Обычным порядком мир перестал существовать. Перекочевал, бродяга, в мягкие полушария грудей; в розовые пуговки сосков; в шальной запах; в кудряшки лобка; в глубины. Только пение глупой птицы над головой, да собственное судорожное дыхание, только ритмичные толчки бедер, да согласные движения в ответ — вот и весь мир, свет, космос. Ничего иного. Только и только. И восторг, эйфория, экстаз. Который в самый неподходящий момент сломало урчание мотора. Борис приподнял голову, еще плохо соображая, пригляделся. На соседней просеке тормозил пыльный BMW. Из машины выбрались четверо мужчин. Один присел пару раз, разминая ноги: другой отжался от капота. Борис внимательно разглядывал гостей. Молодые, крепкого сложения, в джинсах и майках.
Щелкнул затвор. Лязг, инородным звучанием, ворвался в симфонию леса. Катя испуганно вздрогнула. Борис прижал палец к губам, предупреждая об осторожности. Он не хотел, чтобы их заметили. Будь он один, поступил бы как вздумается; с Катей не желал рисковать. Вид ребят не внушал доверия, действия и подавно.
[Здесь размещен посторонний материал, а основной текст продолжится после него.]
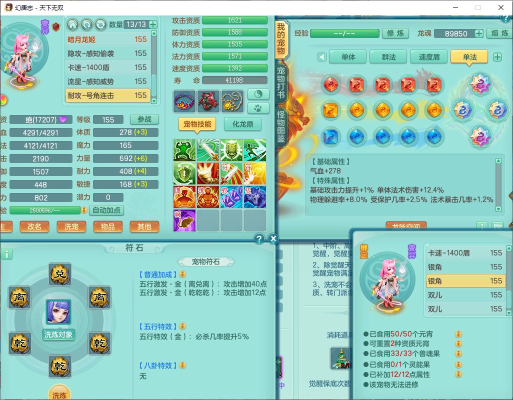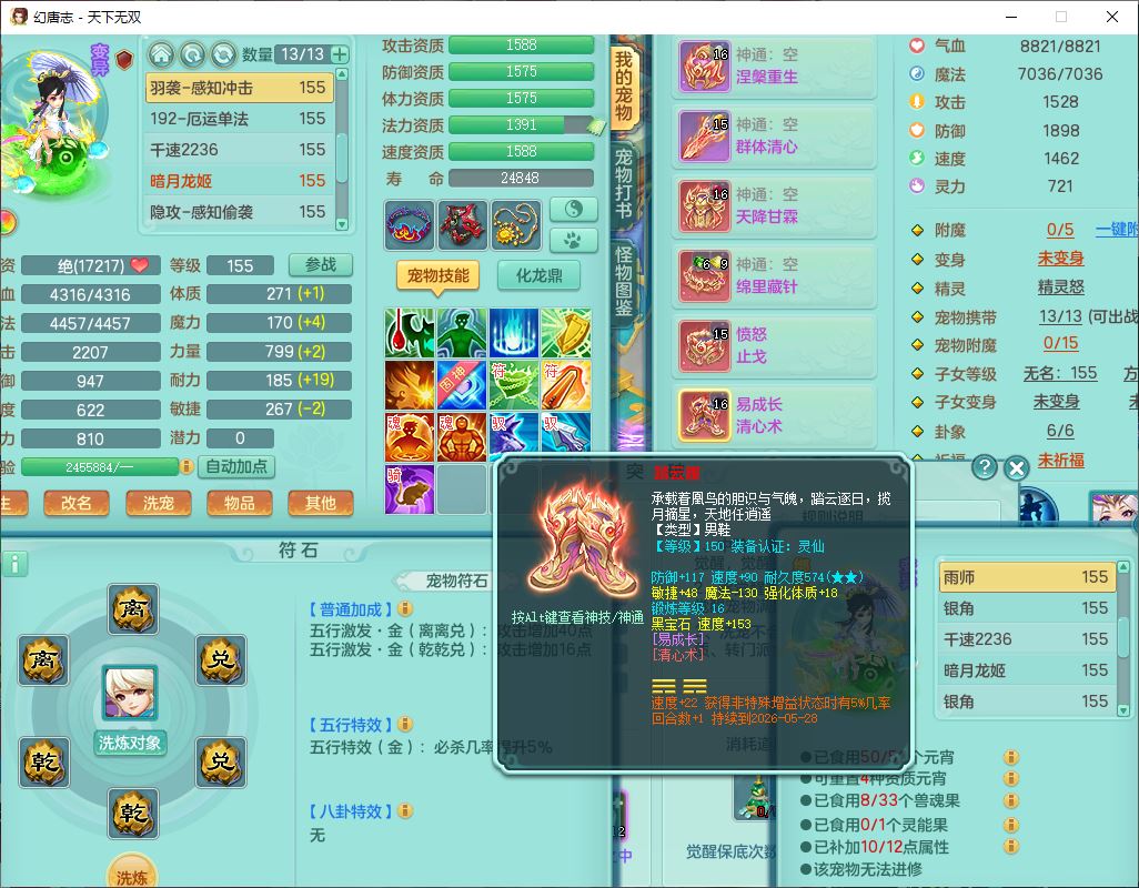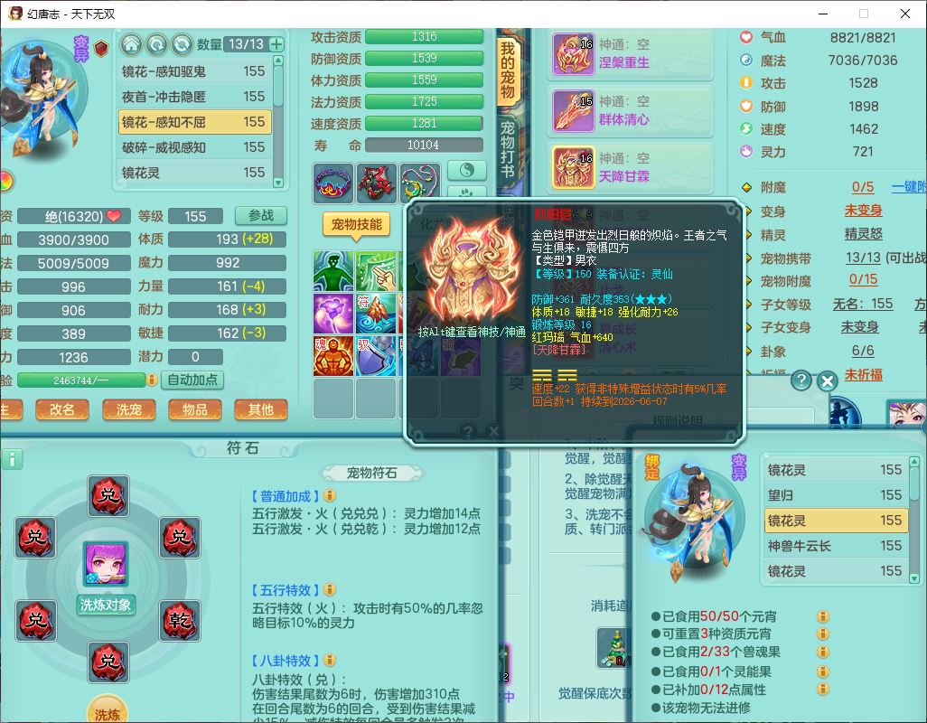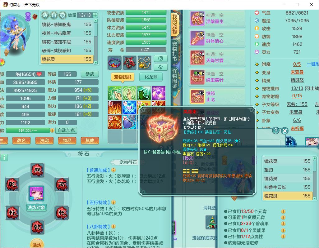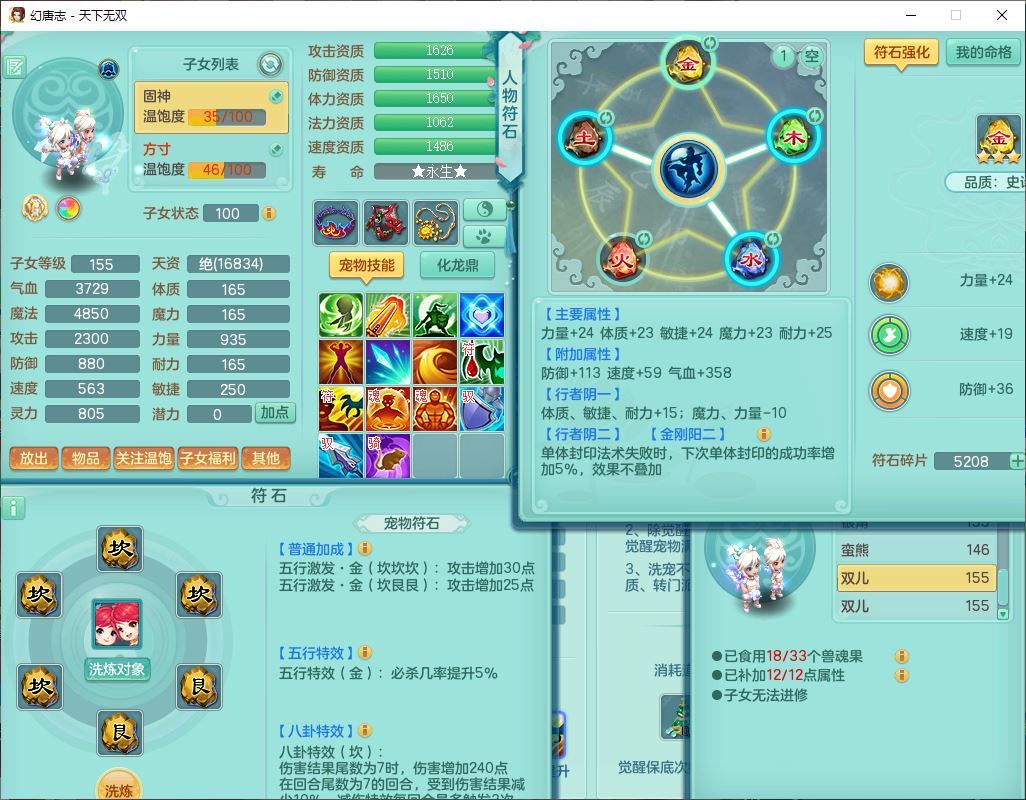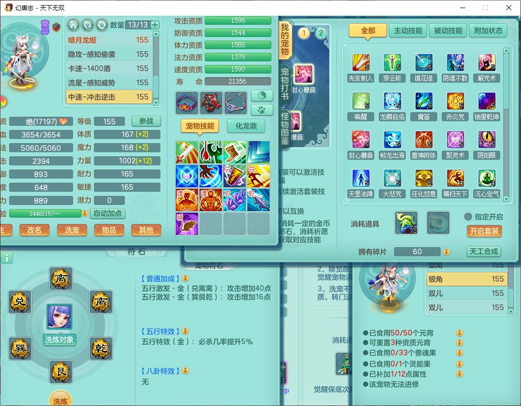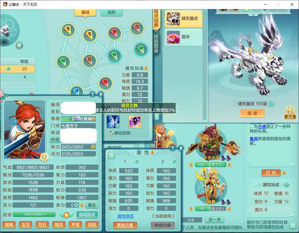 tx9749天下无双夫妻号159男方寸精灵舞,1内1望归3镜花5特殊(羽袭、流星、战争、堕天、虎虎),3觉醒7五字5四字综合7只满果子,8红装备,愤怒止戈腰带,Y水清鞋子,Y卸甲鞋子,鼎4.5,2套符石,庭院157,永久外观、精灵皮肤,720W神武币,12个仙兽灵,1双人飞行坐骑;159女无量精灵歌,1内1望归1龙姬4镜花3特殊(勇猛、焚心、荒古),3觉醒1六字2五字5四字,7红装备,Y玉清项链,有物理装,917单加必杀武器,神佑项链,鼎5.5,251W神武币,9个仙兽灵,1双人坐骑

Спрятав машину в кустах, они исследовали местность, затем натянули над дорогой тонкую проволоку.
Со стороны трассы взвился шум мотора. Несколько мгновений рев нарастал, накатывал оглушительной волной, потом вдруг раздался грохот, короткий вскрик и звук мягкого удара. Сквозь заросли кустарника Борис видел, как, предваряя аварию, один из мужиков выстрелил в спину мотоциклисту. Проволока служила страховкой, все-таки парень гнал на приличной скорости, стрелок мог промазать. После выстрела мотоцикл проехал метров десять, споткнулся о проволоку, круто развернулся, врезался в сосну и замер, перевернувшись. Тело выбросило из седла по ходу движения влево; ботинки спикировали в противоположную сторону; туда же полетела сумка и что-то светлое, небольшое.